By Cyril Ramaphosa
The decision by the United States to impose a 30% tariff on South African imports highlights the urgency with which we have to adapt to increasingly turbulent headwinds in international trade.
The US is South Africa’s second largest trading partner by country and these measures will have a considerable impact on industries that rely heavily on exports to that country and on the workers they employ, as well as on our fiscus.
Domestic sectors such as agriculture, automotive and textiles have historically benefited from duty-free access to the US market under the African Growth and Opportunity Act (AGOA).
Our trade relations have historically been complementary in nature. South African exports do not compete with US producers and do not pose a threat to US industry. It remains our aspiration that this should continue.
Largely, our exports are inputs into US industries and therefore support the United States’ industrial base.
South Africa is also the biggest investor from the African Continent into the US, with 22 of our companies investing in a number of sectors including, mining, chemicals, pharmaceuticals and the food chain.
South African imports ultimately benefit US consumers in terms of both choice and cost. By way of example, citrus production is counter-seasonal and does not pose a threat to US production.
Furthermore, production by US companies has been on the decline for a number of years as the US sector grapples with low yields, a citrus greening disease and other factors unrelated to competition from imports. Imports from South Africa, the world’s second largest citrus exporter, have filled a gap and contributed to stable supply and prices for US consumers.
As government, we have been engaging the United States to enhance mutually beneficial trade and investment relations. All channels of communication remain open to engage with the US.

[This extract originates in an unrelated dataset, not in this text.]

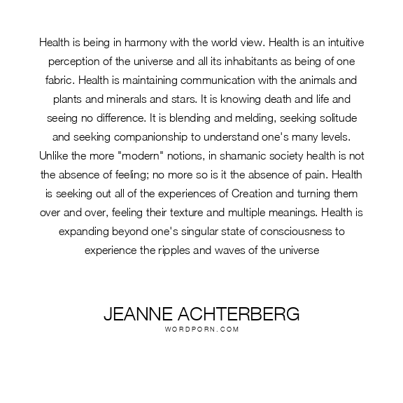 Health is being in harmony with the world view. Health is an intuitive perception of the universe and all its inhabitants as being of one fabric. Health is maintaining communication with the animals and plants and minerals and stars. It is knowing death and life and seeing no difference. It is blending and melding, seeking solitude and seeking companionship to understand one's many levels. Unlike the more "modern" notions, in shamanic society health is not the absence of feeling; no more so is it the absence of pain. Health is seeking out all of the experiences of Creation and turning them over and over, feeling their texture and multiple meanings. Health is expanding beyond one's singular state of consciousness to experience the ripples and waves of the universe

Our foremost priority is protecting our export industries. We will continue to engage the US in an attempt to preserve market access for our products. We must also accelerate the diversification of our export markets, particularly by deepening intra-African trade.
With a view to helping our producers and exporters aggressively explore alternative markets, we have established an Export Support Desk to assist affected producers.
We will in due course be announcing the modalities of a support package for companies, producers and workers that have been rendered vulnerable by the US tariffs.
This intervention will also play a key role in guiding industries looking to expand into new markets in the rest of Africa, Asia, the Middle East and markets we already have trade agreements with.
Strengthening regional value chains will be key to building resilience for our export markets in the longer term.
Much as strengthening and establishing alternative value chains will take time, this moment presents us with an opportunity to push forward with the implementation and expansion of the African Continental Free Trade Area (AfCFTA).
Reducing over-dependence on certain markets is a strategic imperative to build the resilience of our economy. It will also enable us to expand the frontiers of opportunity for South African businesses, goods and services.
In the coming months we will be scaling up our trade missions into new markets in Africa and beyond, as well as the National Exporter Development Programme whose aim is to grow the pool of export-ready companies.
It is important to understand that South Africa is not alone in facing high tariffs from the US. A number of export-reliant developed and developing economies, including several on the continent, are also grappling with these measures.
The international trading system is changing. Complacency will not serve us, and building resilience is imperative. As government we remain committed to ongoing engagement with the US and building trade resilience.
Cyril Ramaphosa is President of the Republic of South Africa.